### DATASET
· · · · · · ·

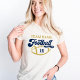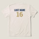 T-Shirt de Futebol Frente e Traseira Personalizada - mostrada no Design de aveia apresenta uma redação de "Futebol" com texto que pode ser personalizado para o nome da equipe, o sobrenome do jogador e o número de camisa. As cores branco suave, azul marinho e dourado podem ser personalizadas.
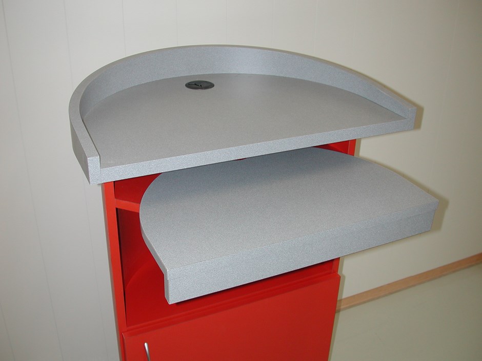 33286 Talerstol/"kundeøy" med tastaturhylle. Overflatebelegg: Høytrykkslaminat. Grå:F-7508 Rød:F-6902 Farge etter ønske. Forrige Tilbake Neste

· · · · · · ·

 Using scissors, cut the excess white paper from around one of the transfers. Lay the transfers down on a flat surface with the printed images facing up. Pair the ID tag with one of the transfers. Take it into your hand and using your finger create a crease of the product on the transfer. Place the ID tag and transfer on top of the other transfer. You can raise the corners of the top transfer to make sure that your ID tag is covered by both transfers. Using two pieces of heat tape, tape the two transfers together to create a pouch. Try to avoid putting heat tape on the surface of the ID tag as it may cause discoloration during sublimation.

· · · · · · ·

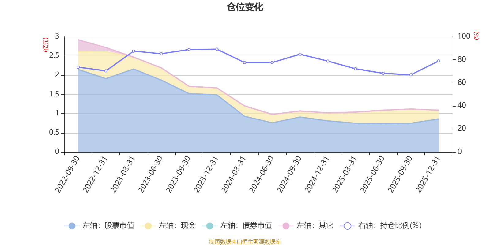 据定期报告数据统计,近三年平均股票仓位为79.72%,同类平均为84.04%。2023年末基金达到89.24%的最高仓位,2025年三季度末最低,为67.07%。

· · · · · · ·

### ASSIGNED TASK
Start at the line containing "T-Shirt de Futebol" above and stop at the line containing "Forrige Tilbake Neste". Output those lines exactly, both included, but none of the pictures.

### SOLUTION BELOW
 T-Shirt de Futebol Frente e Traseira Personalizada - mostrada no Design de aveia apresenta uma redação de "Futebol" com texto que pode ser personalizado para o nome da equipe, o sobrenome do jogador e o número de camisa. As cores branco suave, azul marinho e dourado podem ser personalizadas.
 33286 Talerstol/"kundeøy" med tastaturhylle. Overflatebelegg: Høytrykkslaminat. Grå:F-7508 Rød:F-6902 Farge etter ønske. Forrige Tilbake Neste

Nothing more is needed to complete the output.